For example, in a typical newscast over the shoulder shot, the studio anchor has one frame of video delay (Camera CCD) and the remote reporter (in the box) has three frames of video delay (Camera CCD, Remote Frame Sync and Switcher DVE). This does not include the typical base line delay of the switcher that is the same for both.
Setting the AD-3100 delay to between one and three frames or two frames is the best compromise for both sources. The studio anchor's audio will be slightly late and the remote reporter's audio slightly early.
Splitting the difference and choosing two frames is generally not the best choice since the early audio of the remote reporter is more noticeable than the delayed audio of the studio anchor. However, the residual lip sync errors are significantly reduced compared to doing nothing at all.
Adding further variability, the video delay of the DVE may be switched in and out of the program path several times in a relatively short time. Current generation production switchers have the potential of 3-9 cascaded DVE's.

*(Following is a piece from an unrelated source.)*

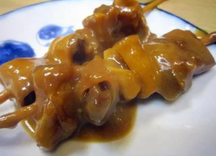 이쪽의 도어 도자기도 먹기 쉬운 꼬치 타입입니다. 달콤한 흰 된장 기반의 소스가 제대로 얽혀 일품!

Therefore, it is essential that the audio delay track the rapid delay shifts of the video program and "catch up" quickly. The AD-3100 incorporates automatic pitch correction to allow rapid delay change without introducing undesirable artifacts such as pitch shifts, clicks and pops in the output.
Conventional audio synchronizers typically limit the rate of change of delay to around 0.5 percent. This means that for a one frame video delay change at the beginning of a program segment, the audio does not "catch up" until almost 10 seconds later. And another 10 second "catch up" period occurs at the end of the segment when the video delay reverts to normal.
The AD-3100 has an adjustable rate of delay change of up to 25 percent. So, in the example of a one frame change in the video delay, the AD-3100 will "catch up" in just a few frames - well before the viewer will notice.
A Permanent Solution
The two solutions described here have helped bring lip sync problems under control at Liberty's stations. At the very least, we no longer make lip sync problems any worse after programming passes through our stations.
However, our solutions conform to no current technical standards, since there are none for the hybrid analog-digital facilities that most broadcasters use today. Our creative personnel, especially operators of production switchers, have been made aware that their extensive use of video effects can cause problems. For this reason, we seek to keep any DVE effects at a single frame delay. It's a trade-off we shouldn't have to make.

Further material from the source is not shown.